§ **Task instructions**: Using only the entries below, output the lines starting at the one containing "東莞市紅泰五金制品有限公司,公司占地六千" and ending at the one containing "This tile wall", exactly and inclusive of both, omitting the pictures.

[Dataset excerpts]
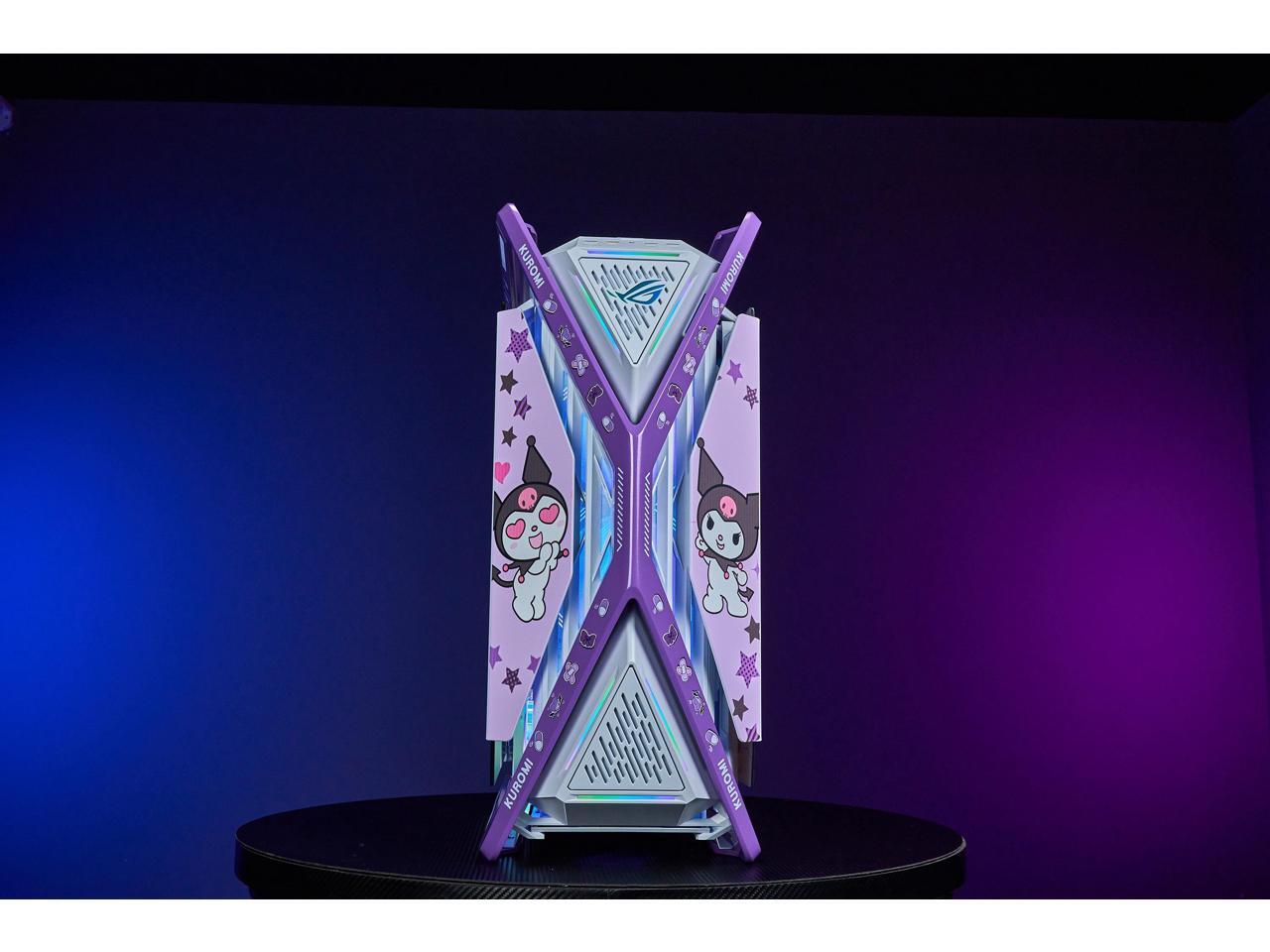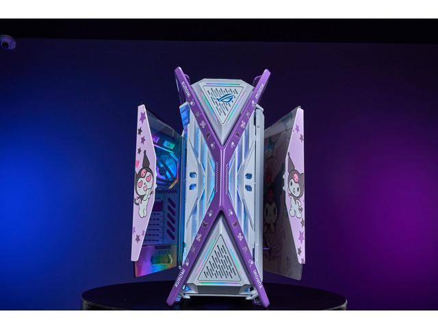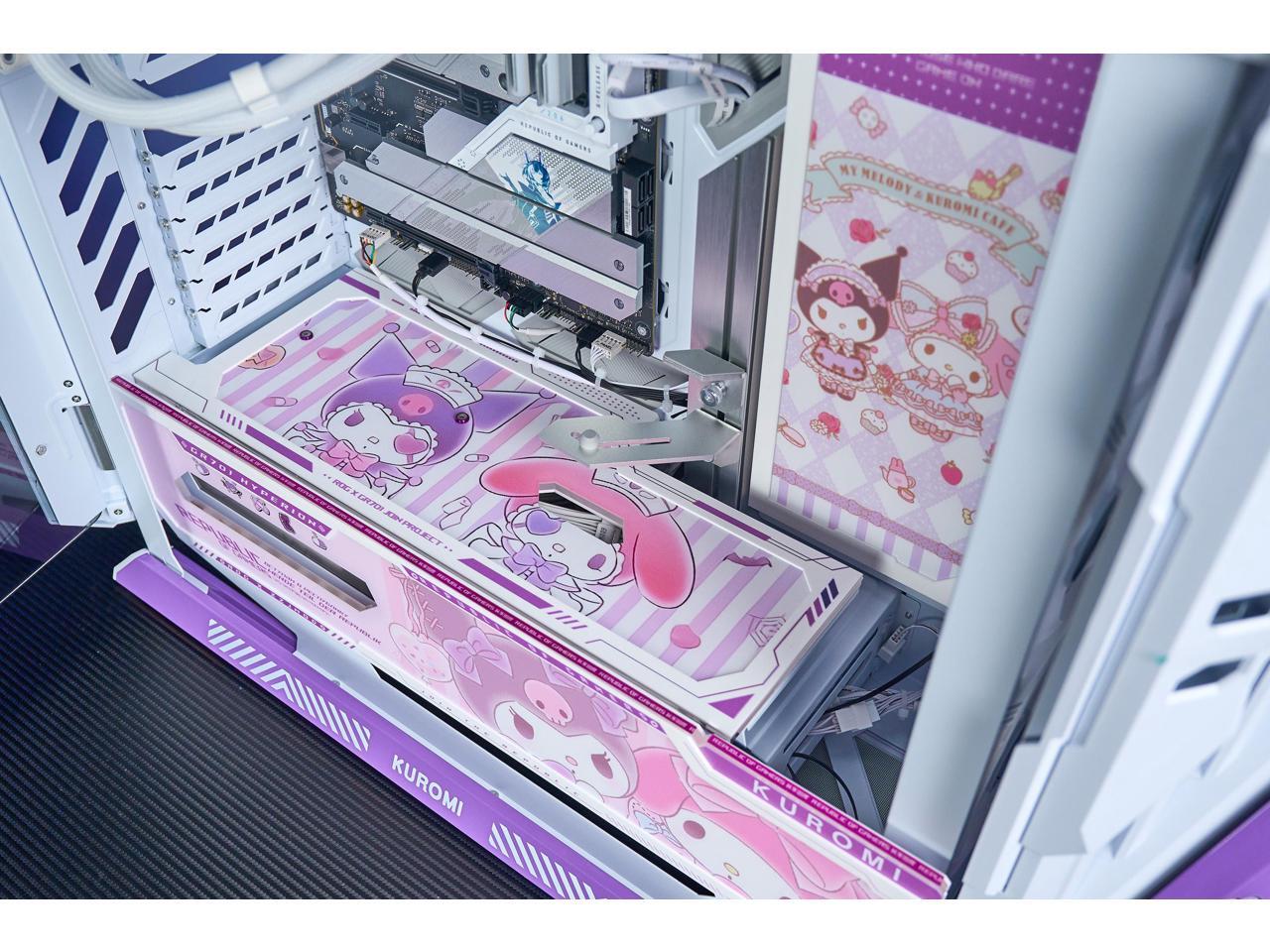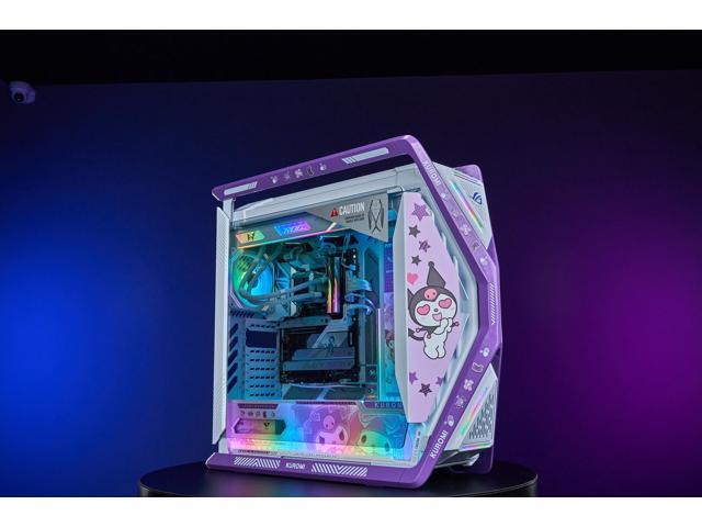 CORN GR701 E-ATX computer case, 420 mm dual radiator support, four 140 mm fans, metal GPU holder, component storage, ARGB fan hub, 60W fast charging Kuromi-White
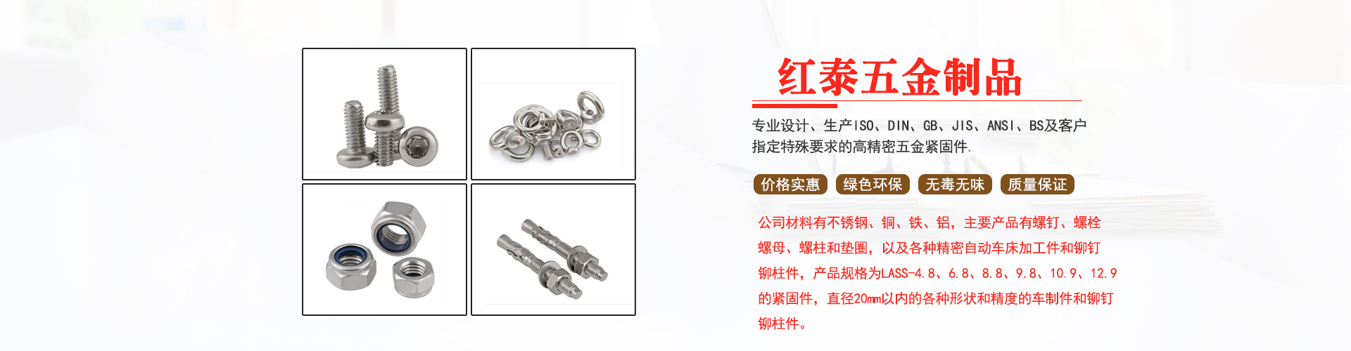 東莞市紅泰五金制品有限公司,公司占地六千多平方米,擁有五十多組螺絲機及六十臺自動車床設備。是一家專業設計、生產ISO、DIN、GB、JIS、ANSI、BS及客戶指定特殊要求的高精密五金緊固件的制造企業。
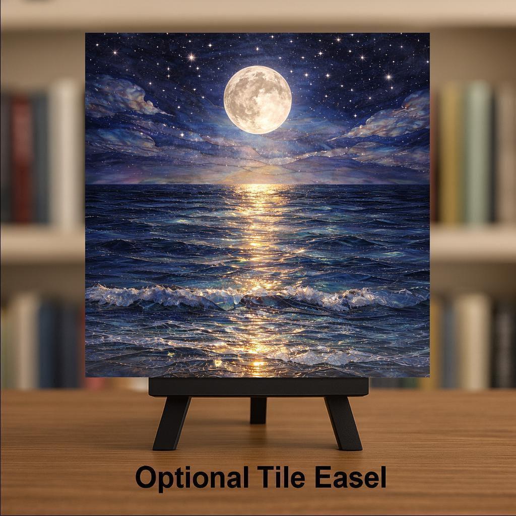 This tile wall art makes a thoughtful gift for moon lovers, coastal homeowners, or anyone who appreciates calming nature scenes. It also pairs beautifully with other coastal or celestial tiles for a collected display.
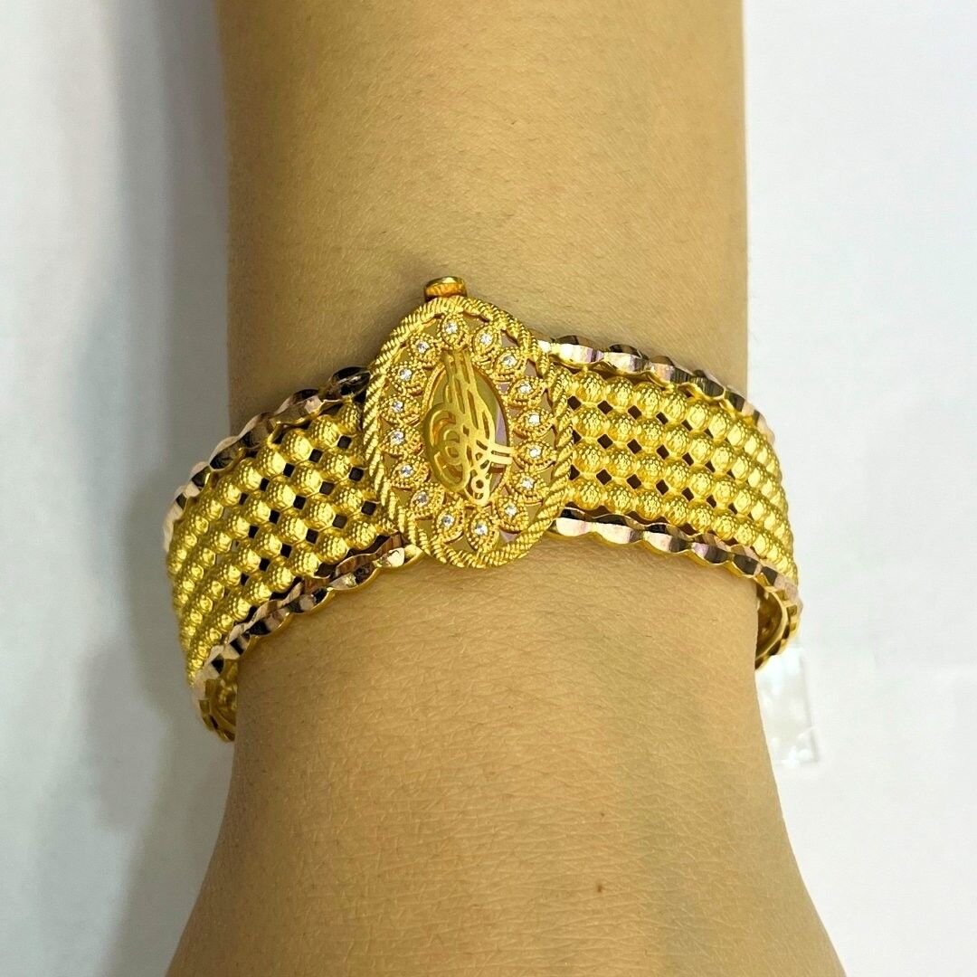 Bu 8 ayar sarı altın tuğralı fantezi kelepçe, klasik ve zarif bir tasarıma sahiptir. Tuğra motifi, bilekliğe geleneksel bir hava katarak, her ortamda dikkat çekici bir aksesuar sunar.
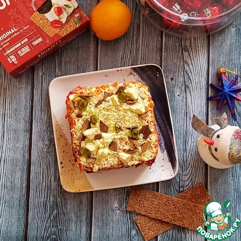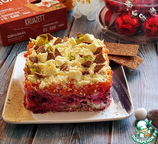 Вкусный и красивый слоёный салат на праздничный и будний стол. Отсутствие картофеля делает этот салат нетяжелым, а присутствие ржаных хлебцев Kruasett добавляет разнообразия во вкусе и текстуре.
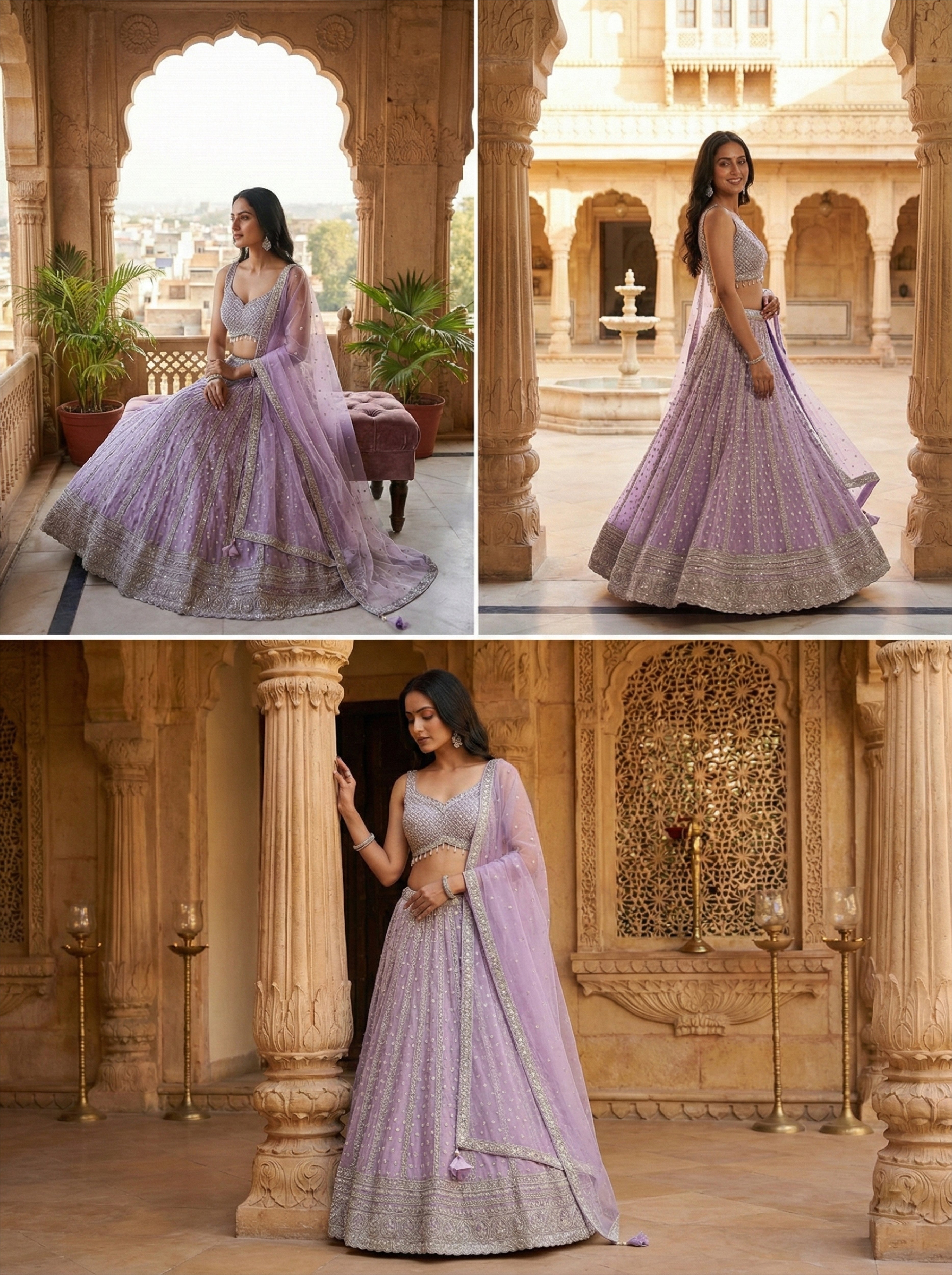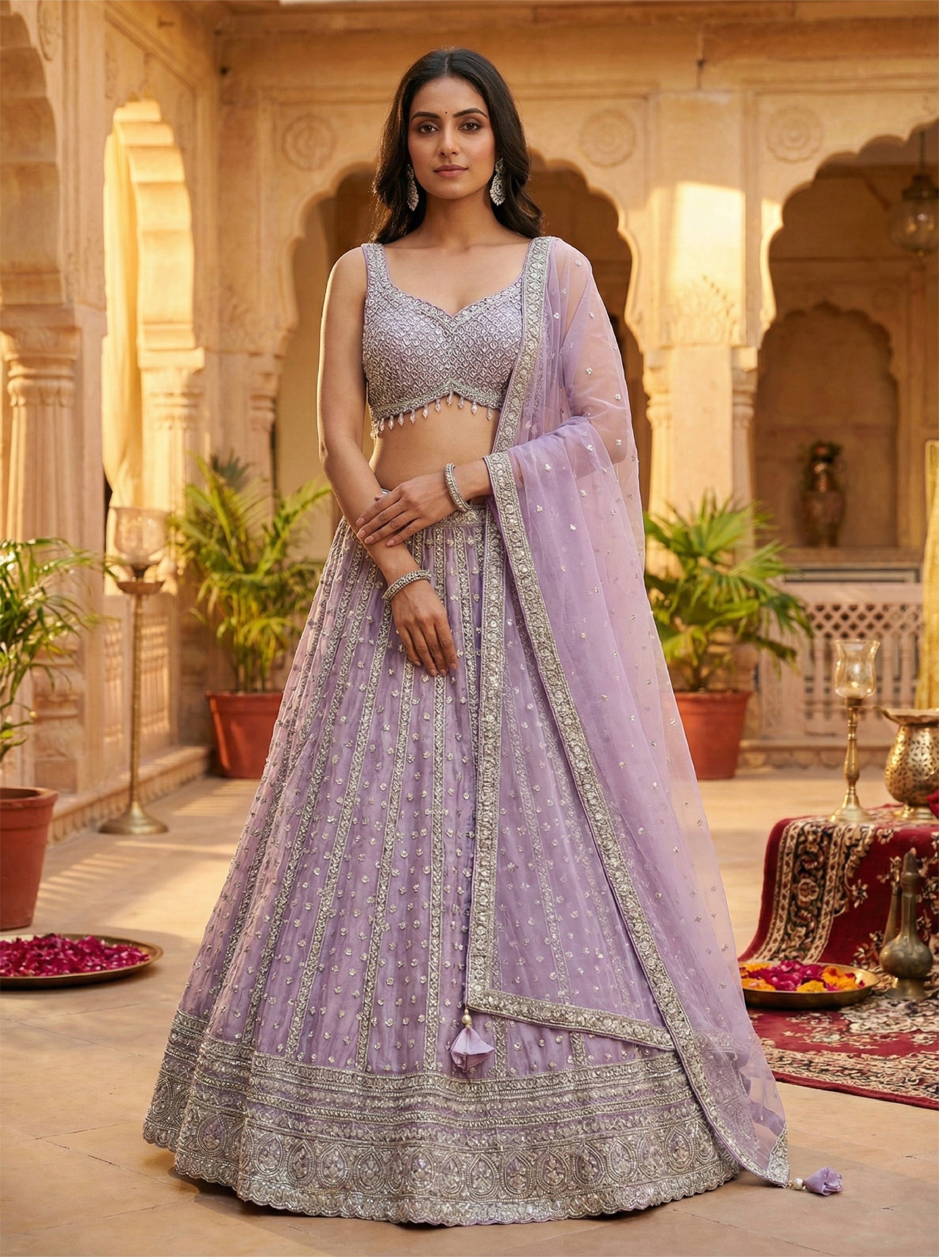 Elevate your festive wardrobe with this stunning lilac ghagra set, crafted from delicate net fabric adorned with heavy sequins and intricate hand embroidery. Each piece is meticulously designed to capture light beautifully, creating an enchanting shimmer with every movement. The rich lilac hue complements all skin tones, while the detailed embroidery work showcases traditional craftsmanship. Perfect for weddings, celebrations, and special occasions, this set combines timeless elegance with contemporary sparkle. Embrace the artistry and grace of this exquisite ensemble that promises to make you feel absolutely radiant.

§ **Response**:
 東莞市紅泰五金制品有限公司,公司占地六千多平方米,擁有五十多組螺絲機及六十臺自動車床設備。是一家專業設計、生產ISO、DIN、GB、JIS、ANSI、BS及客戶指定特殊要求的高精密五金緊固件的制造企業。
 This tile wall art makes a thoughtful gift for moon lovers, coastal homeowners, or anyone who appreciates calming nature scenes. It also pairs beautifully with other coastal or celestial tiles for a collected display.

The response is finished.